On a joué d’amateurisme électoral. Il fallait mobiliser pour un projet de société, on s’est échiné à se battre pour des idées. Cela n’a pas soulevé l’enthousiasme du bon peuple. Le corps électoral a été déboussolé. Le résultat des courses est que 1.240.000 voix environ se soient évaporées car n’ayant abouti à l’octroi d’aucun siège. Donc, 29% des suffrages en vain et 48% des électeurs à être passifs, face à un choix qui engage leur destin!
Personne ne songe à contester la victoire d’Ennahdha. Mais le déficit de représentativité au sein de l’ANC est flagrant. Le peuple est sous-représenté, cela ne fait aucun doute. Et c’est cette situation qui alimente l’inquiétude de BCE. Lui-même avait pris part à la première Constituante de 1956 et il ne voudrait pas que le même scénario de l’Etat-Parti se reproduise. Et c’est le sens de son message en substance. C’est le non-dit de son texte.
L’appel doit être suivi d’effets
L’ambiance qui prévaut à l’heure actuelle au sein de l’ANC est déroutante. Au lieu de s’affairer à esquisser une plateforme constitutionnelle, on se retrouve à s’étriper sur les rivalités partisanes et le programme de gouvernement.

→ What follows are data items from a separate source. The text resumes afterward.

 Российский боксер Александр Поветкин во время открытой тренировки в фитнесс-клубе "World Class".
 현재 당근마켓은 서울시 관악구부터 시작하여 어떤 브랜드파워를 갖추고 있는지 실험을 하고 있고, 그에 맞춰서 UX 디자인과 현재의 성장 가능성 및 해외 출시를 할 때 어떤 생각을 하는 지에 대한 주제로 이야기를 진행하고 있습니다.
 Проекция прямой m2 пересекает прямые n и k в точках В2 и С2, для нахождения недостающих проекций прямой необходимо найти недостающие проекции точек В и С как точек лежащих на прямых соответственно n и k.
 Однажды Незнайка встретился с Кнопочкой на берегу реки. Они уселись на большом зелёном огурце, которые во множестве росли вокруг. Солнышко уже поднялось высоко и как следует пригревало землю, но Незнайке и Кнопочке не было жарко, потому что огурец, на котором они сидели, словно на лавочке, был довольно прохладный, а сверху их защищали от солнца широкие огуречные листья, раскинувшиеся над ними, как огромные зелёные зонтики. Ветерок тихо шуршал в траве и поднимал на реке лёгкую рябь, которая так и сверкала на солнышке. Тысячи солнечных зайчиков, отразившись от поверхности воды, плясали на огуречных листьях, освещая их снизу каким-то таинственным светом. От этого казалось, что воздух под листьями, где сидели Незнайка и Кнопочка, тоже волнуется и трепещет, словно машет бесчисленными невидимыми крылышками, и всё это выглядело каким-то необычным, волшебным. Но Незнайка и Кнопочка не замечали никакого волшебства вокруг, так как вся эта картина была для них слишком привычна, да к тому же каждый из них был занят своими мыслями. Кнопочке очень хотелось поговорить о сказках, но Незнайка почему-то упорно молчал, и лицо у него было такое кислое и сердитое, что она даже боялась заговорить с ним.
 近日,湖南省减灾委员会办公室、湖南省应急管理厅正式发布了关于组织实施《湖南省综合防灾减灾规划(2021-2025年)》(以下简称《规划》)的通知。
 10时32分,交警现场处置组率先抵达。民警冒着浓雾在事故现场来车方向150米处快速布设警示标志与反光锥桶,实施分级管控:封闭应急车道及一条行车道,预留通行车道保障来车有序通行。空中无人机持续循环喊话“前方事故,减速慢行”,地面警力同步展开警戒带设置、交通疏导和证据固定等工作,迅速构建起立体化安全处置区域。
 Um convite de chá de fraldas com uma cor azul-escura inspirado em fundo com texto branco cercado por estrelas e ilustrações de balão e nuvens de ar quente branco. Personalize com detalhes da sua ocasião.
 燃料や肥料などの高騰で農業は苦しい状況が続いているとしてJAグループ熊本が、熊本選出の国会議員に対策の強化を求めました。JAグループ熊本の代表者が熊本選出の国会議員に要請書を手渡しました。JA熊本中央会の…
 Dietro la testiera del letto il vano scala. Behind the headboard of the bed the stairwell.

La physionomie actuelle de l’ANC ne pousse pas dans la direction qui favoriserait un large consensus pour écrire un texte qui doit rassembler. Ennahdha, formation dominante au sein de la Troïka, exerce un contrôle minoritaire qui lui confère un statut prépondérant au sein de l’ANC. Elle peut, de ce fait, privilégier son choix de modèle d’Etat. Or, elle penche pour l’introduction d’une dose de théocratie dans l’esprit des lois et des institutions. Elle ne s’en est jamais cachée et c’est sa marque de fabrique. On court le risque, après tant de sacrifices, d’être frustrés d’un Etat de droit avec des institutions démocratiques régies par le droit positif sans référence au sacré. Et tout cela par la faute de nos élites qui se sont trompées de guerre.
Lors du scrutin du 23 octobre dernier, les Etats Majors de partis, au lieu de faire focus sur le modèle d’Etat, ont préféré jouer la coloration politique. La Troïka se trouve face à une mosaïque de partis qui ne peut peser sur le débat et par conséquent les choix fondamentaux. Et c’est dans cette perspective que l’appel de Béji Caïd Essebsi trouve toute sa logique. Il se propose d’agglomérer tout ce qui est en dehors de la Troïka en un large mouvement constitutionnel.
Ayant une “masse critique“, comme diraient les économistes, cette formation pourrait disposer d’une audience pour faire ramener le centre d’intérêt au sein de l’ANC, sur les grands choix structurants en matière constitutionnelle, à savoir un Etat de droit, un régime civil, des institutions démocratiques et une mise en équivalence des pouvoirs entre le président et le Premier ministre.
L’appel doit être suivi d’effet. La balle est dans le camp des Etats Majors des partis. Il ne faudrait pas qu’ils ratent ce rendez-vous avec l’histoire.